Member of the Georgia State Senate from the 3rd district
- Incumbent
- Assumed office January 9, 2023
- Preceded by: Sheila McNeill

Personal details
- Party: Republican
- Spouse: Dana Hodges
- Children: 2
- Alma mater: Brunswick Junior College University of Georgia (BBA)
- Occupation: Politician

= Mike Hodges (politician) =

American politician

Michael D. Hodges is an American politician who is currently serving as the Georgia State Senator for the 3rd district.

==Education==
Born in Glynn County, Hodges attended Brunswick High School and graduated in 1971. He then attended Brunswick Junior College and earned a BBA in banking and finance at the University of Georgia.

==Career==
Hodges was a founding director of the First Bank of Brunswick, and later its CEO. The bank was purchased by Ameris Bancorp in 2001.

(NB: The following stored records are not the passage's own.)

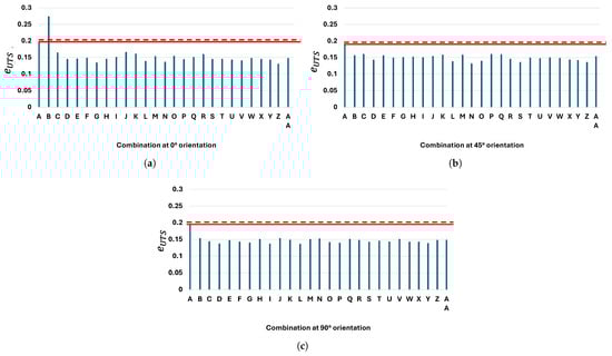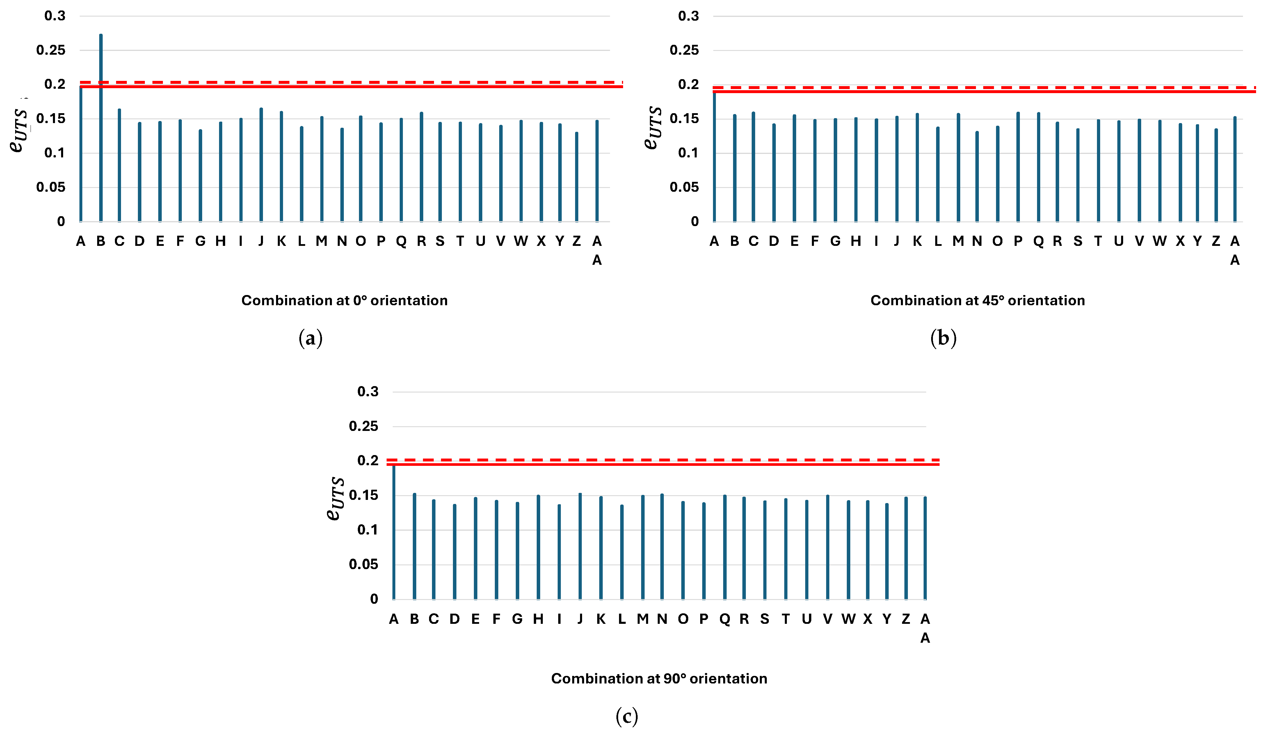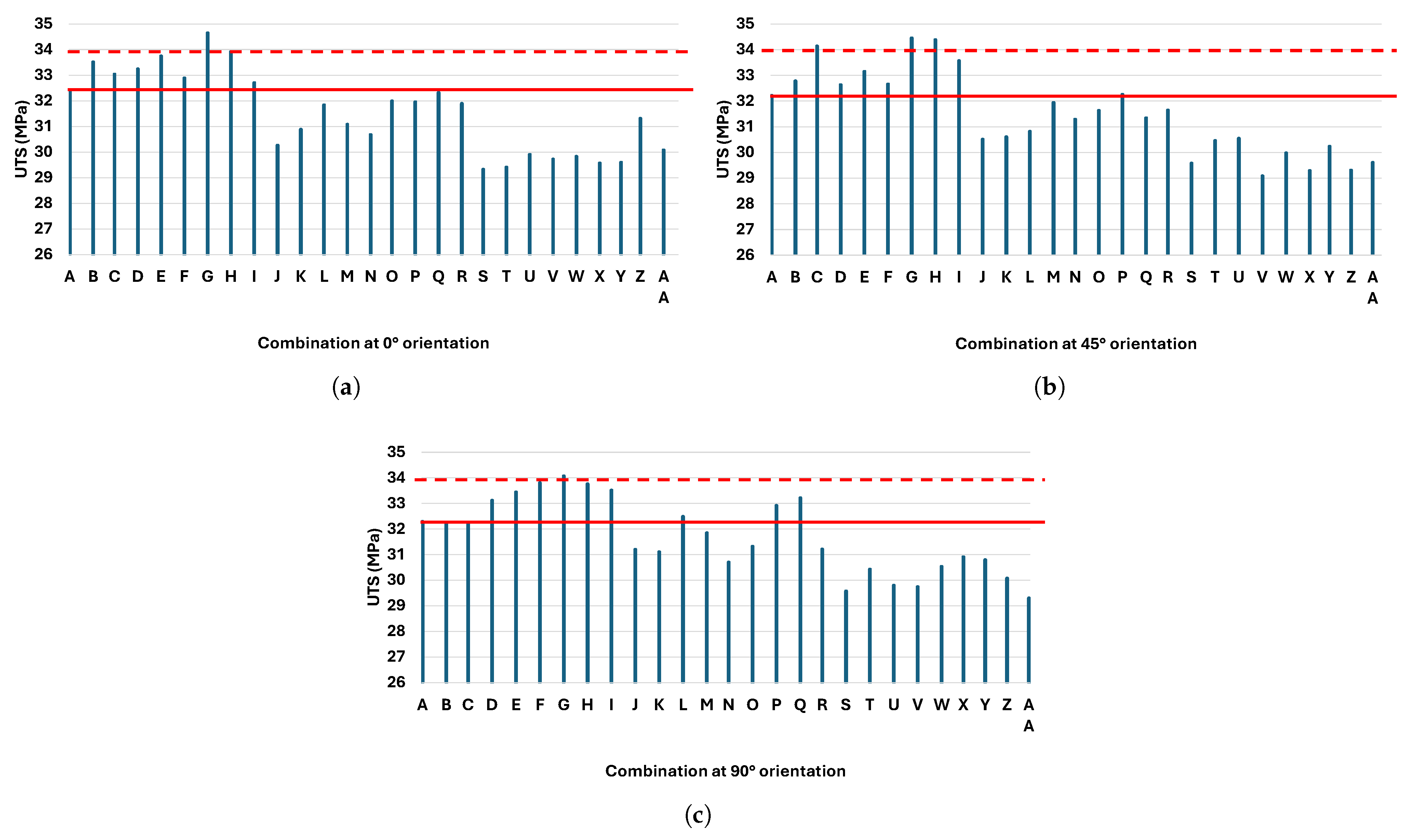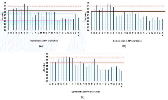 Comparison of the UTS of the reference combination (red line) with the UTS value of all combinations for the three main orientations: (a) 0°, (b) 45°, and (c) 90°. The dotted line equals 1.05 times the reference value.
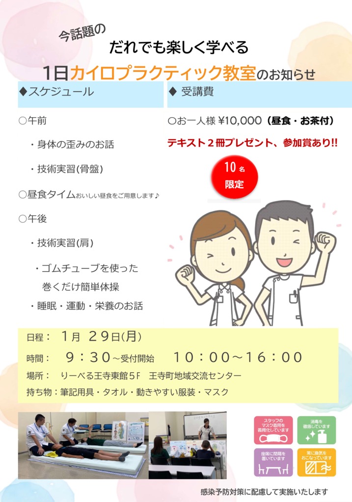 1月29日にりーべる王寺にて1日カイロプラクティック教室を開催致します‼️
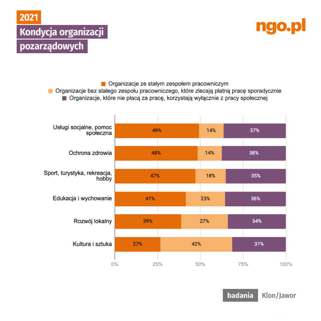 Z badań Klon/Jawor wynika, że 41% organizacji płaci za pracę stale i regularnie (co najmniej raz w tygodniu). Ponad połowa organizacji posiadających tak rozumiany stały, płatny zespół (22% wszystkich NGO) przynajmniej jedną osobę zatrudnia na podstawie umów o pracę, a pozostałe (19% wszystkich NGO) korzystają ze stałej i regularnej pracy osób pracujących wyłącznie na podstawie umów cywilnoprawnych.
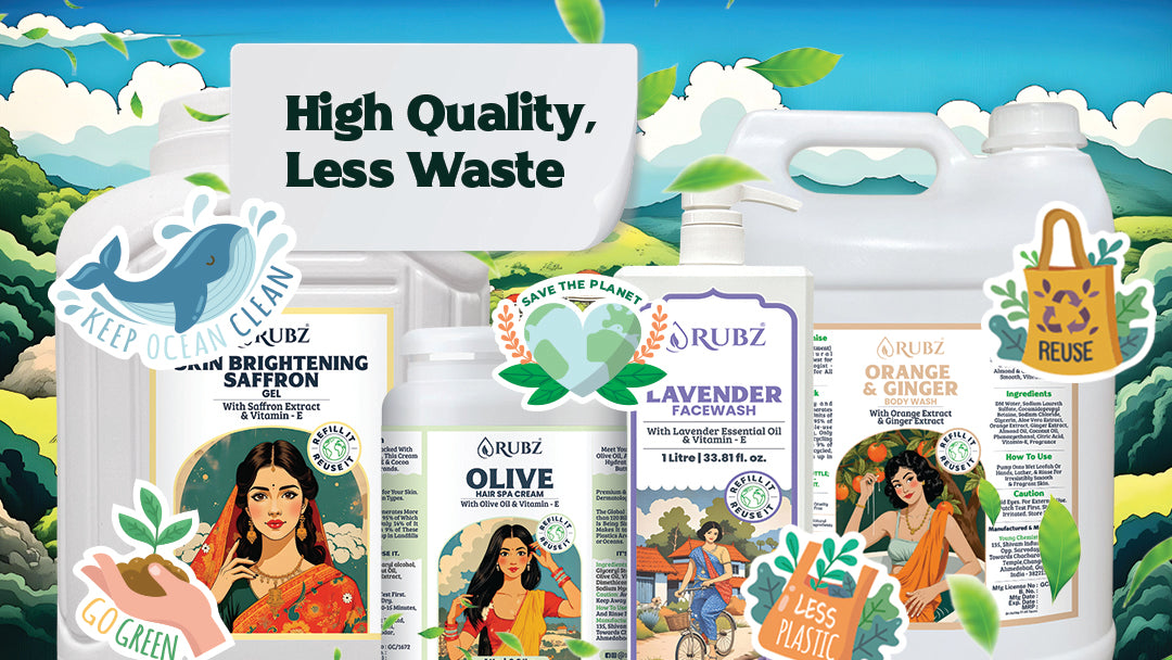 Ever Thought About Where All Those Little Bottles Go? Here's The Harsh Truth, The Global Beauty Industry Churns Out 120 Billion Packaging Units Every Year. And Guess What? Most Of Them Are Single-Use Plastic That's Just Destined For Landfills Or Worse, The Ocean. Crazy, Right? So, When We Started Rubz, We Thought. "Nah, That's Not Us. We're Here To Be Part Of The Solution."
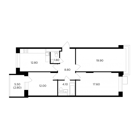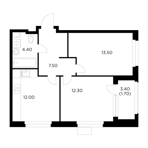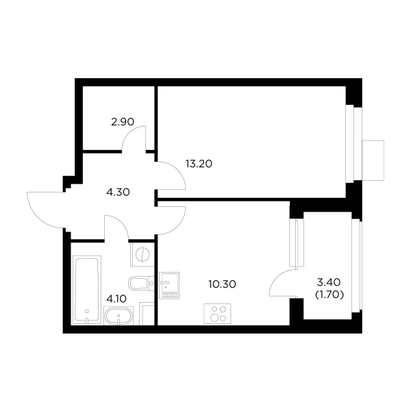 Мебель в квартирах расположена с применением принципа максимальной эргономичности и зонирования пространства. В однокомнатных квартирах есть все, что необходимо для комфортной жизни небольшой семьи: прихожая, кухня с небольшой столовой зоной, в жилой комнате может быть расположена рабочая зона, гардероб, двуспальная кровать или диван, а также уютный уголок для чтения. Просторные лоджии позволяют даже в однокомнатной квартире создать уютный уголок для отдыха и добавить ей простора.
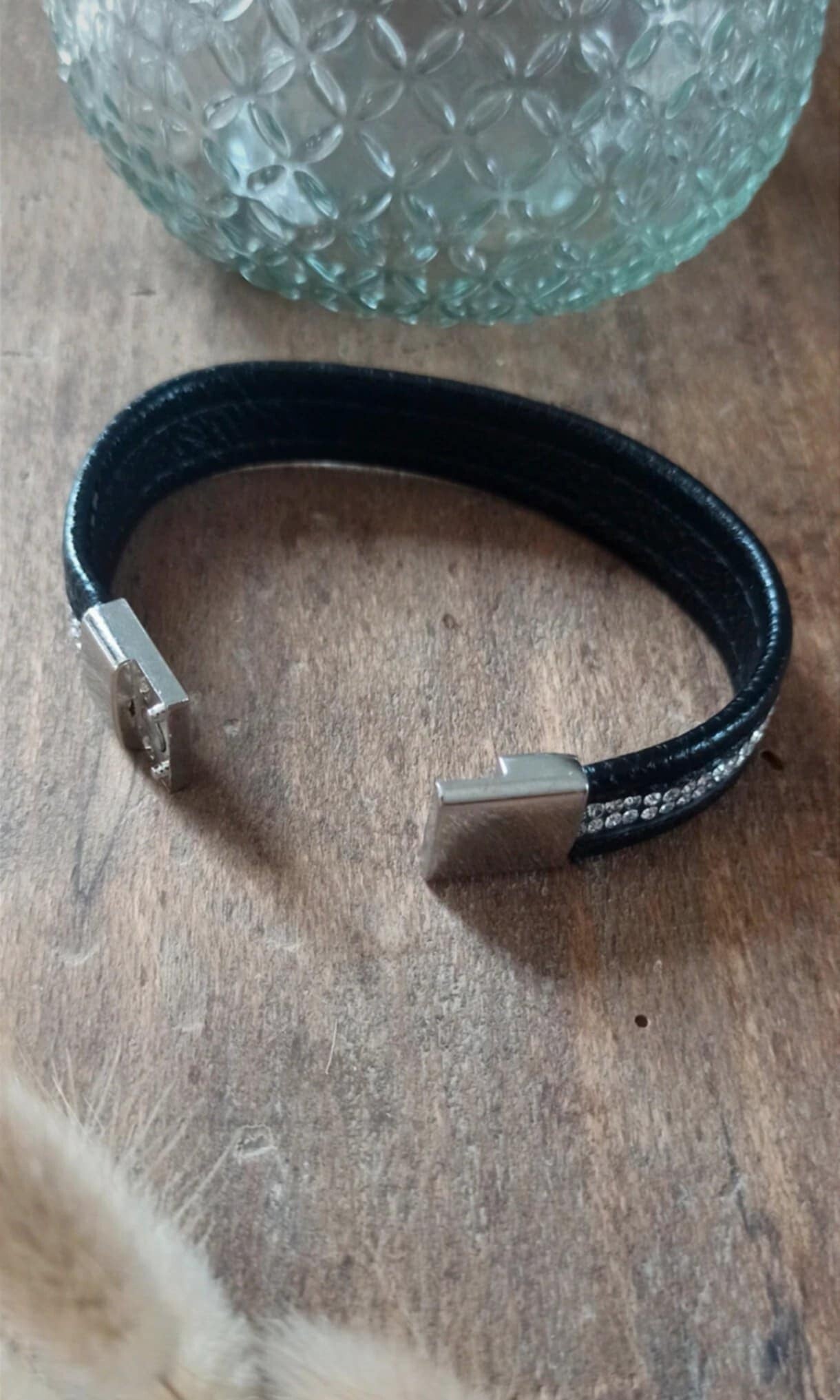 Bracelet cuir aimanté avec strass
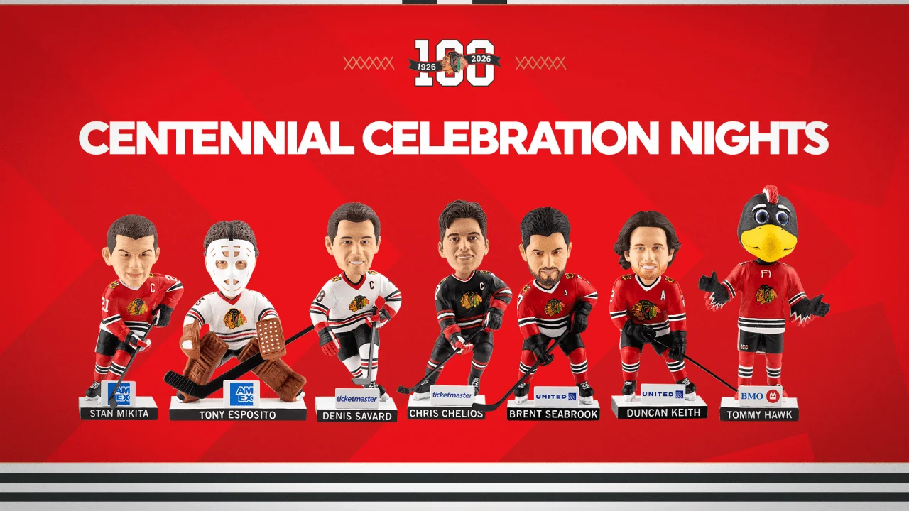 The Chicago Blackhawks announced their 2025-26 season promotional schedule celebrating their 100th anniversary with themed chapters, special game nights, alumni appearances, and exclusive giveaways, including bobbleheads of legendary players, to honor their rich hockey legacy.

Hodges announced his run for the Georgia State Senate in February 2022.

In January 2024, Hodges co-sponsored S.B. 390, which would withhold government funding for any libraries in Georgia affiliated with the American Library Association.

==Elections==
Hodges' state Senate bid was endorsed by the Georgia Chamber of Commerce.

===Primary and general elections, 2022===
The primary election for District 3 was held on May 24, 2022. The two other candidates were Nora Lott Haynes and Jeff Jones.

Primary election results for Georgia State Senate district 3, 2022
| Party |  | Candidate | Votes | % |
|---|---|---|---|---|
|  | Republican | Nora Lott Haynes | 5,010 | 19.06 |
|  | Republican | Mike Hodges | 12,271 | 46.68 |
|  | Republican | Jeff Jones | 9,006 | 34.26 |
| Total votes |  |  | 26,287 | 100.00 |

After no candidate won over 50% of the primary vote, a runoff between Hodges and Jeff Jones was held on June 21, 2022.

Primary runoff election results for Georgia State Senate district 3, 2022
| Party |  | Candidate | Votes | % |
|---|---|---|---|---|
|  | Republican | Mike Hodges | 7,259 | 67.33 |
|  | Republican | Jeff Jones | 3,523 | 32.67 |
| Total votes |  |  | 10,782 | 100.00 |

In the general election, held on November 8, 2022, Hodges was unopposed.

General election results for Georgia State Senate district 3, 2022
| Party |  | Candidate | Votes | % |
|---|---|---|---|---|
|  | Republican | Mike Hodges | 54,807 | 100.00 |
| Total votes |  |  | 54,807 | 100.00 |
|  | Republican hold |  |  |  |

==Personal life==
Hodges and his wife Dana have been married since the mid-1980s. They have two sons.